**Collected data:**
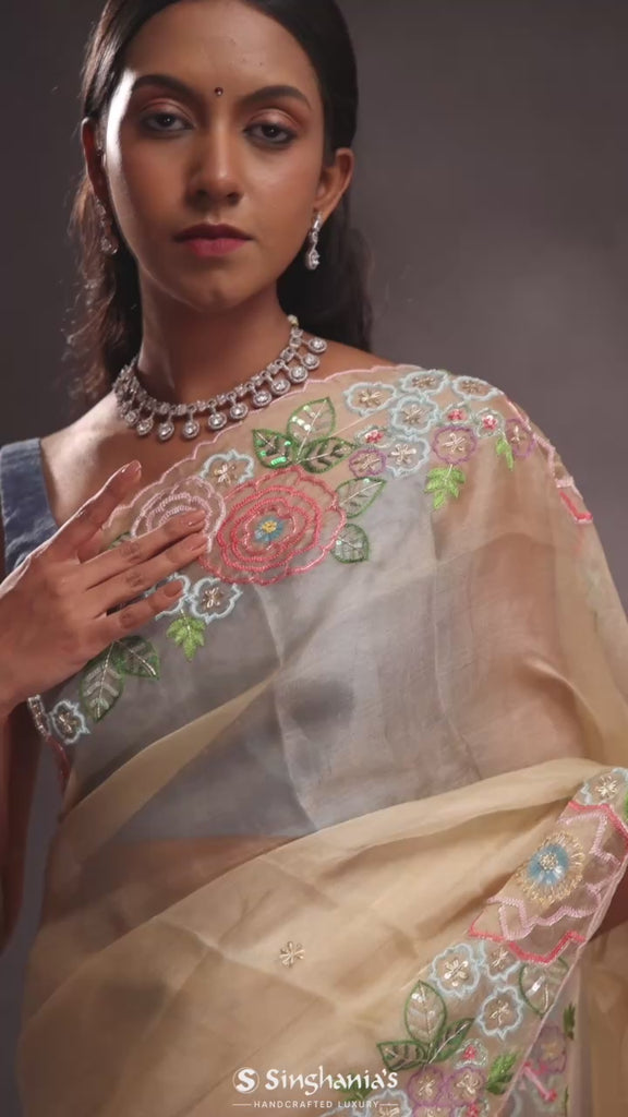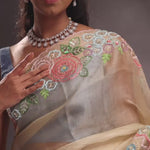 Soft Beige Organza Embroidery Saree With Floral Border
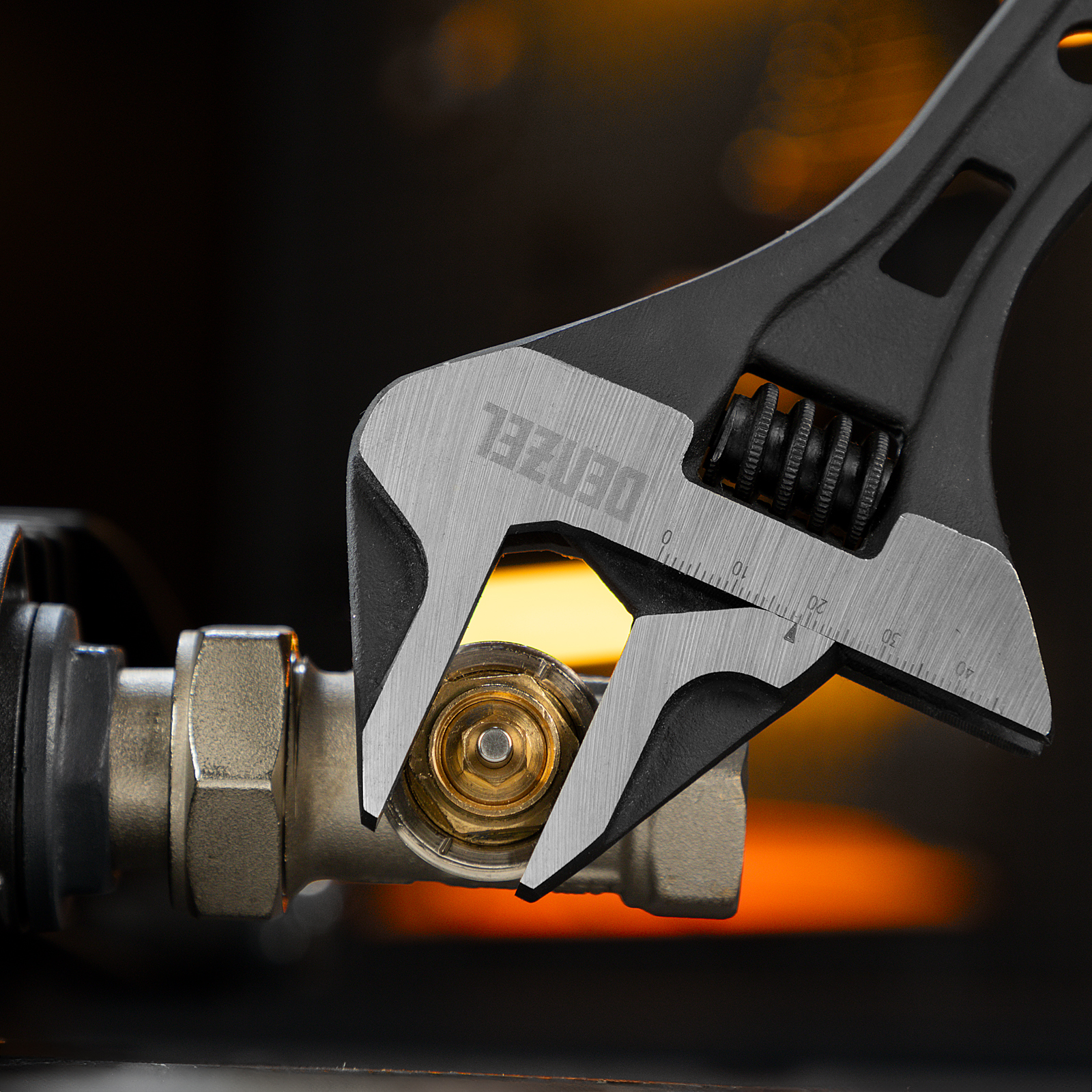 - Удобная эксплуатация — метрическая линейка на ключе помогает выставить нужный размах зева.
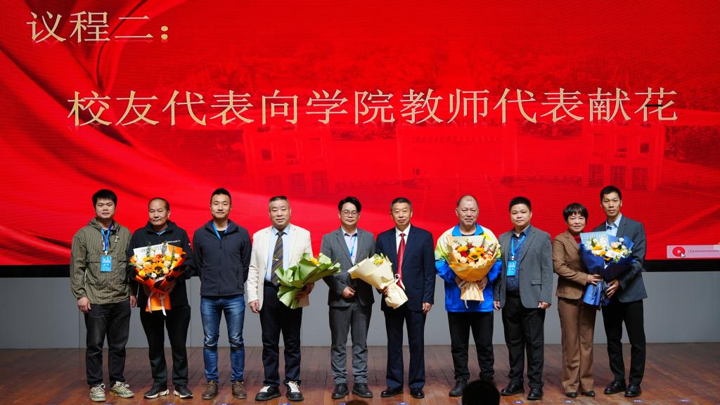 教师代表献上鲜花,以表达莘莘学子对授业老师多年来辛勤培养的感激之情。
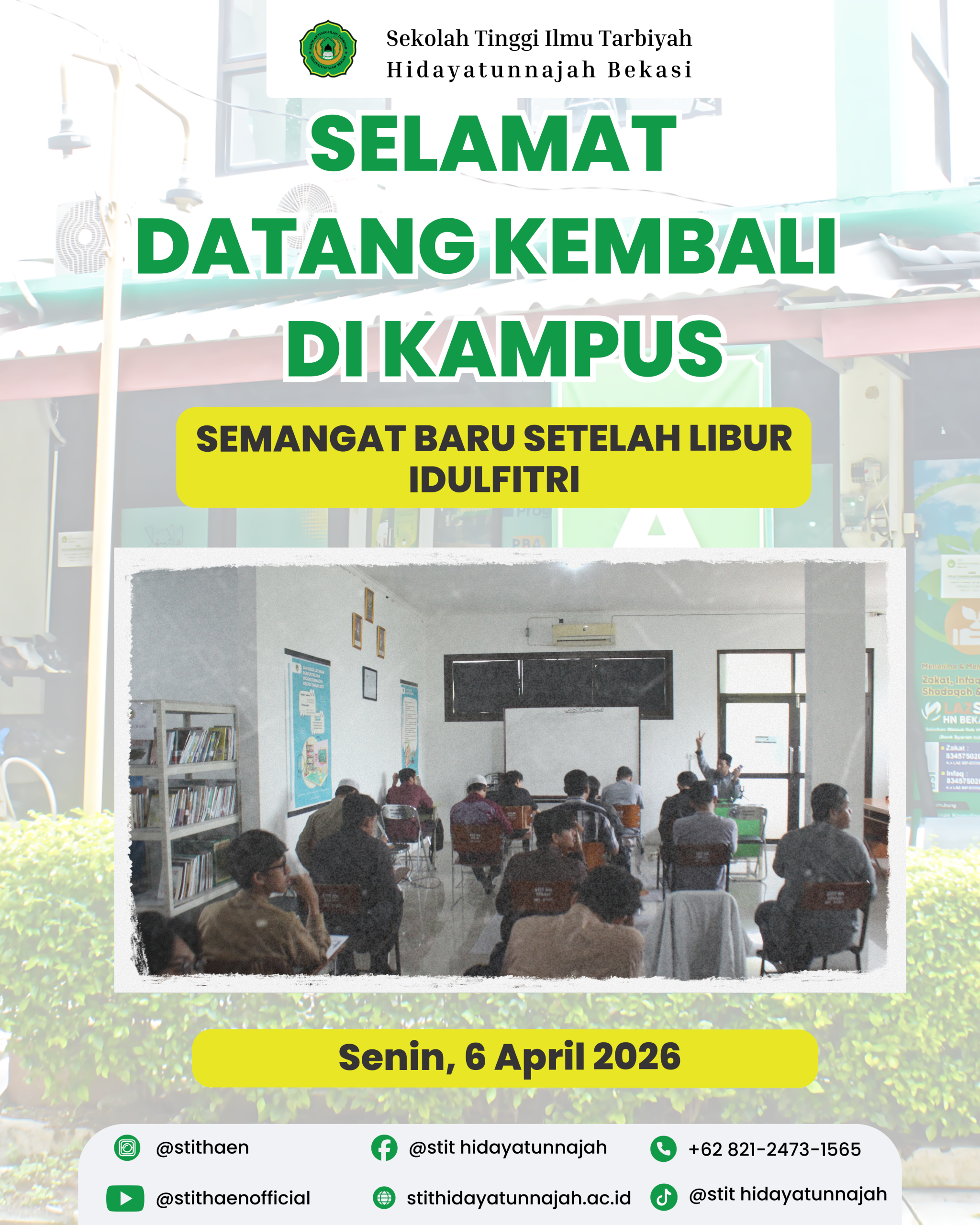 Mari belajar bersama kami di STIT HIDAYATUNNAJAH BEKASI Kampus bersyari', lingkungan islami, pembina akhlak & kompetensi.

**Problem to solve:**
What you output must be exactly the lines from the line with "教师代表献上鲜花,以表达莘莘学子对授业老师多年来辛勤培养的感激之情。" through the last line of the listing, pictures excluded.

**Answer to this task:**
 教师代表献上鲜花,以表达莘莘学子对授业老师多年来辛勤培养的感激之情。
 Mari belajar bersama kami di STIT HIDAYATUNNAJAH BEKASI Kampus bersyari', lingkungan islami, pembina akhlak & kompetensi.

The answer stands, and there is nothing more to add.